* **What the task asks**:
The required answer is the data below, restated word for word with images omitted.

* **Data block**:
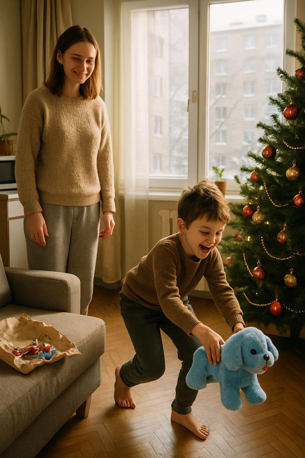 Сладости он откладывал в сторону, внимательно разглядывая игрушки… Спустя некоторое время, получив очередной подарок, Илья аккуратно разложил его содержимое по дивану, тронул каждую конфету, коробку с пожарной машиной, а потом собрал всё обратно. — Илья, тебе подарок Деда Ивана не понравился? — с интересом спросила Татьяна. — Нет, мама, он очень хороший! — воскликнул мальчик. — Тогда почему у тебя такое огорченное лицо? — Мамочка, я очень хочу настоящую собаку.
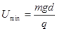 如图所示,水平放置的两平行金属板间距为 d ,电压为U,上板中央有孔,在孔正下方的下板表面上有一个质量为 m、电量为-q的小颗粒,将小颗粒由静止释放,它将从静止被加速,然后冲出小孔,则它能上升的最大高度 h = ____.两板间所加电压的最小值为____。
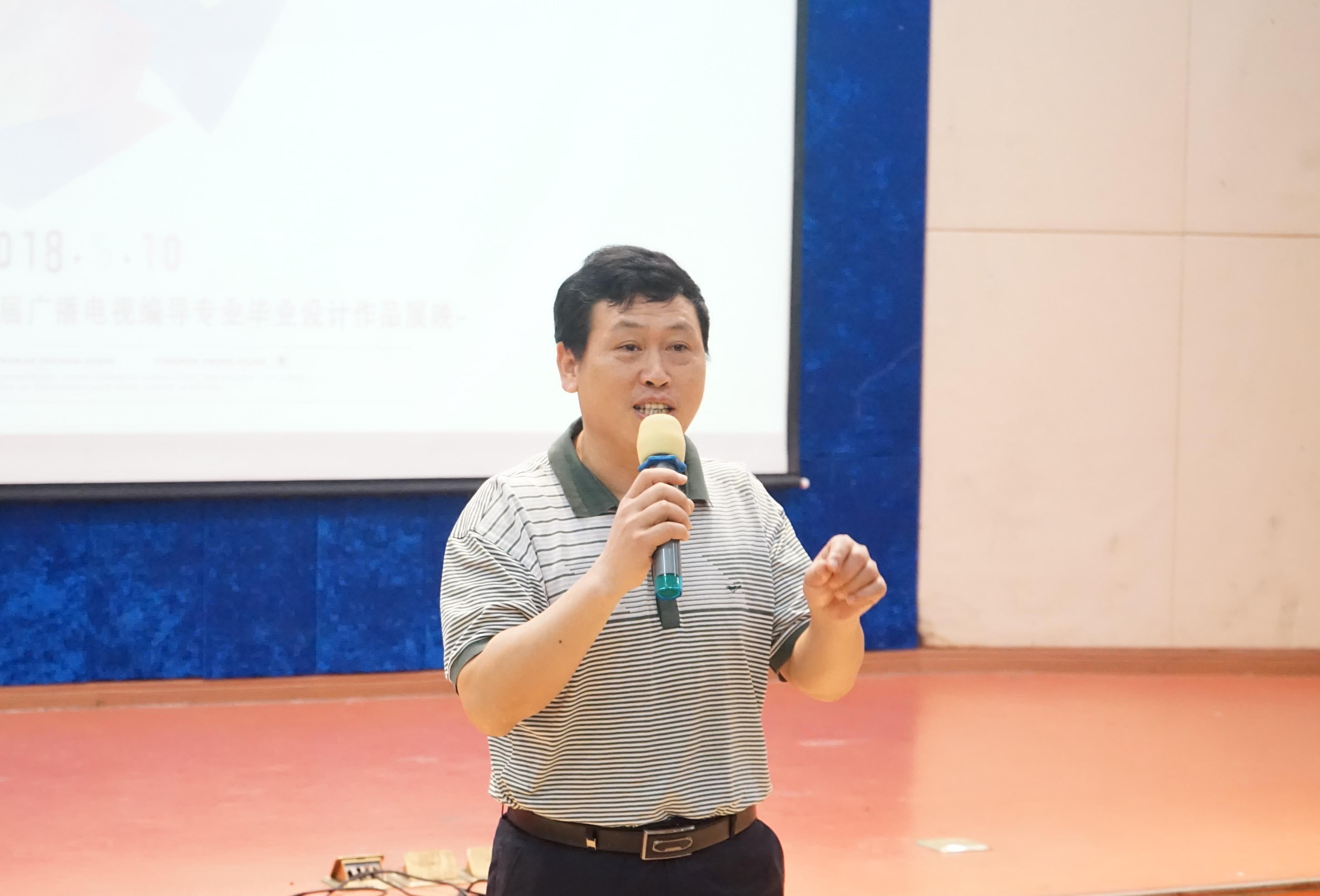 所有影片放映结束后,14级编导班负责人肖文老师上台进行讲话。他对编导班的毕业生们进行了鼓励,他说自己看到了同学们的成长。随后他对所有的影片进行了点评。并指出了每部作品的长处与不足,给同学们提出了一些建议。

* **Answer section**:
 Сладости он откладывал в сторону, внимательно разглядывая игрушки… Спустя некоторое время, получив очередной подарок, Илья аккуратно разложил его содержимое по дивану, тронул каждую конфету, коробку с пожарной машиной, а потом собрал всё обратно. — Илья, тебе подарок Деда Ивана не понравился? — с интересом спросила Татьяна. — Нет, мама, он очень хороший! — воскликнул мальчик. — Тогда почему у тебя такое огорченное лицо? — Мамочка, я очень хочу настоящую собаку.
 如图所示,水平放置的两平行金属板间距为 d ,电压为U,上板中央有孔,在孔正下方的下板表面上有一个质量为 m、电量为-q的小颗粒,将小颗粒由静止释放,它将从静止被加速,然后冲出小孔,则它能上升的最大高度 h = ____.两板间所加电压的最小值为____。
 所有影片放映结束后,14级编导班负责人肖文老师上台进行讲话。他对编导班的毕业生们进行了鼓励,他说自己看到了同学们的成长。随后他对所有的影片进行了点评。并指出了每部作品的长处与不足,给同学们提出了一些建议。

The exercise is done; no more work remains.